Leslie Ogden, in her op-ed printed in the April 5 issue of The Tufts Daily, argued that, as a result of population shifts during recent years, the Senate has become biased in favor of small states. Ogden then goes on to state that this bias is responsible for many of today’s political problems, including an inability to pass immigration reform. However, she misses the point entirely throughout her argument.
She claims that the House of Representatives was created by the delegates at the Constitutional Convention as a body that was to have its membership based on population,and that the Senate was created as a body that was to have its membership based on proportionality. The problem is, though, that this is not the case. Yes, the House is supposed to be, and is, based on population, with each state receiving a number of seats proportional to its population relative to that of the other states. However, the Senate is supposed to be, and is, based on a principle of equal representation for each state. Every state receives two seats in the Senate, regardless of population, land area, or any other measure one cares to mention. If you’re a state, you get two seats, always.

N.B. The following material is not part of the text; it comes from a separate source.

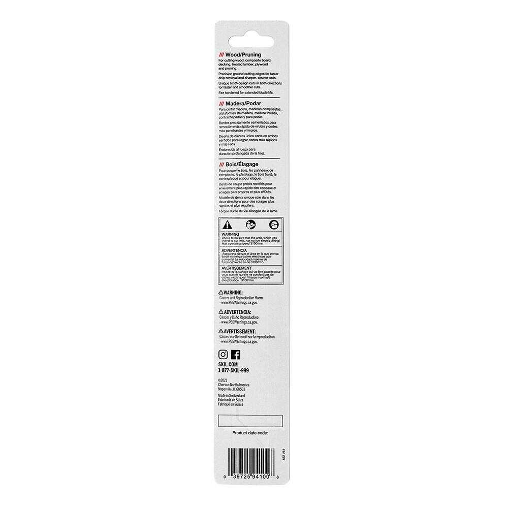 The Skil 94100 Pruning Reciprocating Saw Blades are designed for extremely fast cutting in wood, pressure treated lumber, wet wood and composition board. These blades feature a fleam ground design that let you cut on both forward and reverse strokes. With 4-5 TPI and 9 inches in length, and made of strong and durable high carbon shell with fire-hardened cutting edges, the Skil 94100-05 blades can also be used for pruning. Five blades are included in the pack. These blades fiat all Skil and most other major brand reciprocating saws.

In fact, the principle that every state should receive equal representation in the Senate is codified in the Constitution itself. In Article V, it states that: “… Provided that no Amendment which may be made prior to the Year One thousand eight hundred and eight shall in any Manner affect the first and fourth Clauses in the Ninth Section of the first Article; and that no State, without its Consent, shall be deprived of its equal Suffrage in the Senate.” These two provisions represent the only two types of constitutional amendments explicitly prohibited, to any extent, in the Constitution. The first of course has been expired for more than 200 years, but the second is still in force today. No state may be deprived of its equal suffrage in the Senate, meaning that every state shall be guaranteed the same number of votes in the Senate as every other state. The only way to deprive a state of this guarantee is to obtain that state’s explicit consent. Of course, no state is likely to voluntarily allow itself to receive less than the number of votes in the Senate that the others receive, so such an amendment is incredibly unlikely to ever be passed.
The Senate was never intended to represent the population proportionally. In fact, for most of its history, senators were elected by the legislatures of each state, not by the voters directly. It was not until the ratification of the 17th Amendment to the Constitution in 1913 that the people could directly elect senators. It seems fairly clear that the Senate was never intended to be, nor has it ever actually been, representative of the populations of each state.

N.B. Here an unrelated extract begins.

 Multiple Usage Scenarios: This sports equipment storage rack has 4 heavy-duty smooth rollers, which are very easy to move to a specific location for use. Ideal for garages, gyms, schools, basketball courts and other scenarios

Furthermore, Ogden herself states that the largest states (the nine largest, to be precise) have a majority of the vote in the House. Thus, while a bias towards smaller states may exist in the Senate, a bias towards larger states exists in the House. This is, of course, by design. The Constitution affords an equal vote to each state in the Senate as a measure to balance the overwhelming power of the large states in the House. Therefore, it would be incredibly infeasible to change the balance of power in the Senate to correct the claimed bias, and, even if it were feasible, it would be ill-advised as it would defeat the purpose of the Senate as a check on the power of the most populated states.
The Senate does need to be reformed, but it should not be done by changing its fundamental nature. Rather, procedural changes, which, although difficult to pass, are much more feasible than fixing any claimed small state bias, need to be made. For one, the elimination of the filibuster would go a long way in ensuring that individual senators do not possess too much power over the passage of legislation. In addition, the abolishment of so-called Senate holds (which can sometimes even be anonymous) would also go a long way in achieving the goal of reducing each individual senator’s power over the proceedings of the Senate. The outlawing of lobbying in both houses would, of course, also be quite useful in combating the power of special interest groups. Some of these proposed changes are more pie-in-the-sky than others, but none of them would be as difficult to achieve, nor as ill-advised, as changing the fundamental nature of the Senate itself.